Awkward moments abound. What else is new?

Be forewarned: it’s a girl post.

I asked my husband to stop at the store on his way home the other night and pick up my “monthly girl stuff” for me. Then I felt kind of bad for asking him to do such an awkward thing. Well, that and I thought if he did get the wrong thing and I had to return it that would be even worse. So I dug through all my purses and came up what I needed.

So yesterday, I went to my favorite store to lose money in (Target in case you’re already lost), and instead of going straight to what I needed, I went the entire way around the store making what I needed, the last stop. Like, an hour after the fact. And by then, my hand basket was full of valentines candy and impulsive i-cant-help-myself-its-only-a-dollar items from the front of the store. Ugh! Satan!
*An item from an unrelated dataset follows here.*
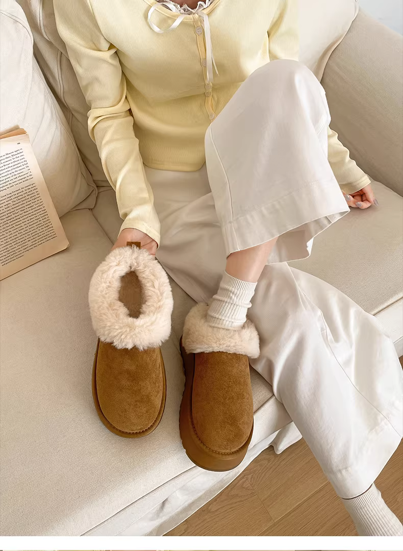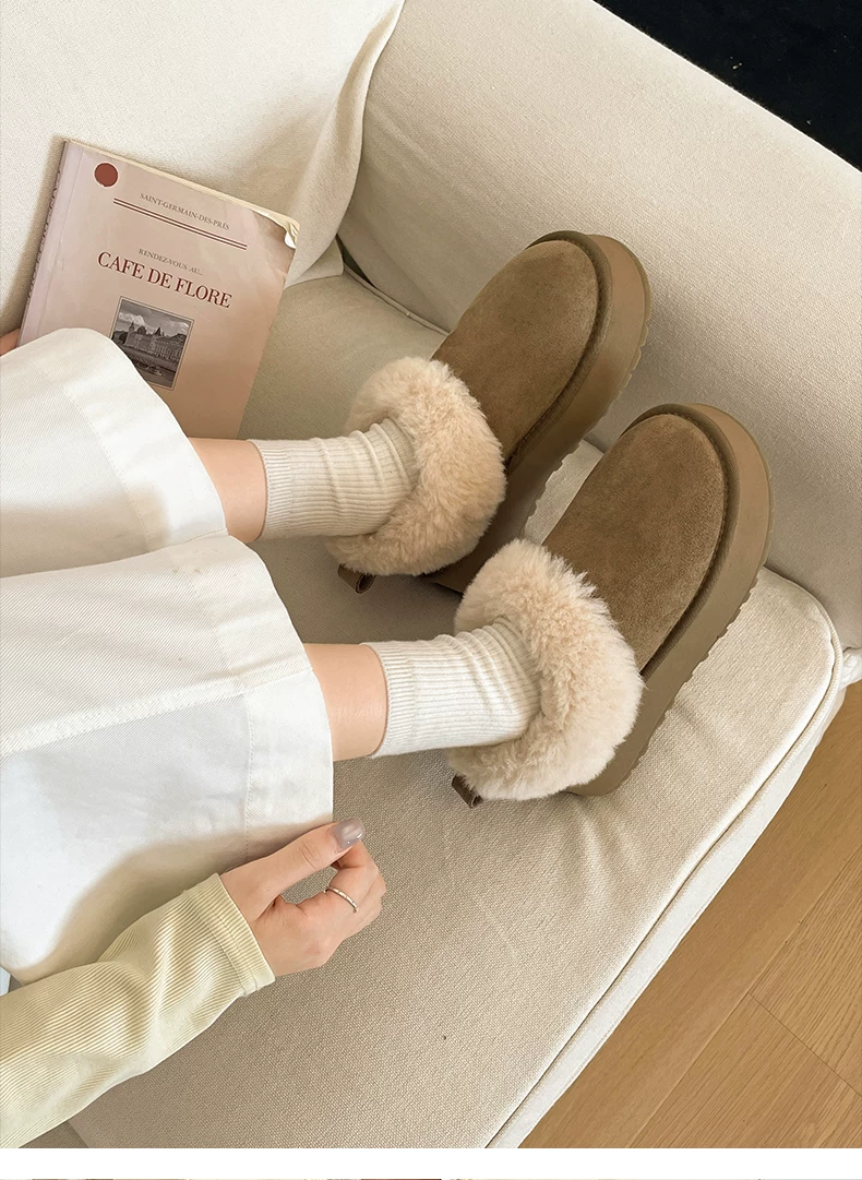 - Dép nửa ống kiểu Birkenstock đế dày lót lông cừu dành cho nữ, mẫu mới thu đông 2025, giữ ấm khi đi ngoài trời, lót lông mềm mại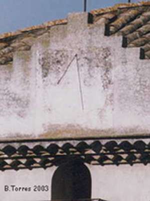 :: DESCRIPCIÓ: Ovalat inscrit en un rectangle. Línies horàries d’hores i mitges. Restes de pintura vermella als angles superiors

With my arm basket full, the needed boxed goods I went in search of ended up surfing the top of my overflowing candy basket. The “feminine hygiene” aisle is about as awkward to me as … hmm….oh yes, the condom section. I get very frustrated. I tend to stand there paralyzed by choices. And because of brilliant birth control methods, I haven’t had to visit either of thse aisles in the past 5 years. Oh, but I do now. And just like all the baby toys & bottles and all that is completely revolutionized in just the past 6 years since I shopped there, it seems that the tampon & pad industry has evolved as well. (I guess Trojan is still king and that is why there is no condom aisle, just a section of a side and that is all.)

So I just said screw it and bought the tampons that were on sale & a generic box of liners. The generic box was mostly white and screaming across it in bold black type on EVERY SIDE was the word PANTILINERS. Have I reminded you lately that I tend to be shy? No?

As I looked down at my basket, I saw 3 sides of the box and the full P-word 3 times. And I didn’t want to be trying to bury it all under the chocolate & marshmallows (why don’t they just stock some of that stuff on that aisle too? for real.) I pictured walking down that main aisle of Target toward the registers and I started squinting from the reflection of the lights hitting the white box and reflecting back at my face. I was sure I would feel like a bride on her wedding day, going down the aisle with everyone looking at her… Only this time with some girly goods in her basket instead of a beautiful bouquet of flowers.

My best option was definitely to take the back aisle all the way up and make my quick exit to the checkouts through the soap aisle. But don’t ya just know what happened? I saw someone I knew. Of course I did! And I can’t NOT say HI to a friend while shopping now, can I? In my head I was screaming “HEY! Happy freakin pantiliner day!” but instead I just brought up the kids  and other nice stuff like that. In retrospect, I should have just drop kicked the basket and looked for new mascara.

As if we couldn’t make it 24 more hours before entering another awkward moment in time, Taylor was really strugglin to get ready for school this morning, so we were running to the front door, grabbing coats so we didn’t miss the bus and then realized Avery was gone. So I yelled out and she was already around the side of the house (must be a full moon?), so Tay & I run out the door and it’s freezing so I just send them down to the stop while I watch, but Ave wanted me to stand right with her, so I went down there. One of the other mommies had driven to the stop from her house 3 doors down and asked if the girls wanted to get inside her heated car and stay warm until the bus came, so, it being – what? – 10 degrees? I thanked her and then realized that not only had I forgotten my coat, but had pulled a sweater over my pajama shirt and forgotten my bra too. So I stood there with my arms crossed in front of my chest thinking I was such an idiot but satisfied that we beat the bus. Success.


~ by hthr on February 4, 2009.

4 Responses to “Awkward moments abound. What else is new?”

  1. I’m the same way. I hate buying ‘girl stuff’. Luckily, I haven’t had to do that in a while and don’t plan on having to do it for another while. (Thank you Mirena!)

  2. Heather, I laughed out loud at two separate parts of this post… but the absolute crescendo (is that how you spell it?) was when you wanted to drop kick the basket… that is SO funny! I know this is a family forum and all, but I had a similar experience last week with the his and her KY… damn that commercial, curiosity got the best of me! 🙂

  3. I so SO know what you mean! I hate buying those things. And I also get stuck in the dollar bin aisle at Target. That store is such a marvelous place. Anyways, your blog perfectly described my inner frustrations at the feminine product world. 🙂

  4. Hi my name is Chelsea and I am a Target-aholic! Kiss those little ones for me! How funny I found you again through my friend Renee’s site!